Running `python imgdedup.py ./photos` on a folder with duplicates:

```
[INFO] computing image hashes...
[INFO] found 42 unique image(s)
[INFO] found 7 duplicates with hash: 3644735598476604983
[INFO] found 3 duplicates with hash: 5839229124691737244
[INFO] found 2 duplicates with hash: 1928840737112196108
```

Running with `--remove`:

```
[INFO] computing image hashes...
[INFO] found 42 unique image(s)
[INFO] removing 7 duplicates with hash: 3644735598476604983
[INFO] removing 3 duplicates with hash: 5839229124691737244
[INFO] removing 2 duplicates with hash: 1928840737112196108
```

## Dependencies
The script requires the following Python packages:
- `imutils`
- `numpy`
- `opencv-python` (cv2)
- `argparse` (built-in)

## Building from Source

### Build Windows .exe

Requires: Python 3.7+, PyInstaller

**On Windows:**
```bash
pip install PyInstaller
build_exe.bat
```

**On Linux/macOS:**
```bash
pip install PyInstaller
bash build_exe.sh
```

The executable will be created in `releases/imgdedup.exe`.

## Important Notes
- **Backup Your Images**: Before using `--remove`, always backup your images in case of accidental deletion.
- **Same Hash = Duplicate**: Images are considered duplicates only if they have identical hashes. Visually similar but different images will not be flagged.
- **First Image Kept**: The tool keeps the first image it encounters and removes subsequent duplicates with the same hash.
- **Non-Recursive**: By default, the tool only scans the specified directory.
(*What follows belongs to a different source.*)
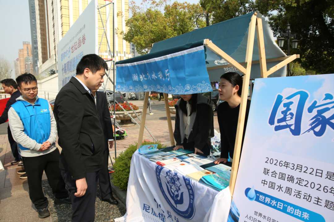 3月28日上午,湖北省水利厅、武汉市水务局在汉口三阳路江滩联合举行第39届“中国水周”公众宣传活动,将水法治宣传推向群众、深入人心,为绘就国家水网美好世纪画卷贡献法治力量,省水利厅政法处、市水务局执法监督处、市流域中心参加现场活动。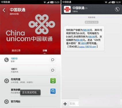 值得一提的是,当你点击查询余额时,系统便会自动想客服中心发送一条免费短信,1分钟内,用户能够收到运营商发来的话费余额信息了,这比致电客服要快捷得多。与此同时,神奇的功能就在于,在这个页面下,我们就可以通过“在线充值”的方式为手机充值话费了。

Subdirectories are not included (planned feature).
- **Supported Formats**: Works with common image formats supported by OpenCV (PNG, JPEG, BMP, TIFF, etc.).

## License
This project is open-source under the MIT License.

## Contributing
Contributions are welcome! Please see [CONTRIBUTING.md](CONTRIBUTING.md) for guidelines on how to contribute to this project.

## Support

## Roadmap

Future enhancements planned for dedup-image:

- [x] Publish to PyPI: `pip install dedup-image`
- [x] Create Windows executable (.exe) for non-developers
- [ ] Add hash tolerance/threshold support for similar (not identical) duplicates
- [ ] Recursive folder scanning with `--recursive` flag
- [ ] Progress bar for large image collections
- [ ] Configuration file support (.dedup.config)
- [ ] GitHub Actions for automated releases
- [ ] Performance optimizations for 10,000+ images
- [ ] Support for various image formats (HEIC, WEBP, etc.)
- [ ] Option to keep the newest/oldest file instead of the first one

## Support
If you encounter any issues or have feature requests, please open an [GitHub Issue](https://github.com/Shailesh7860/dedup-image/issues).

---

This script is a powerful tool for keeping your image collections clean and organized by eliminating duplicate files. Feel free to contribute or enhance its functionality!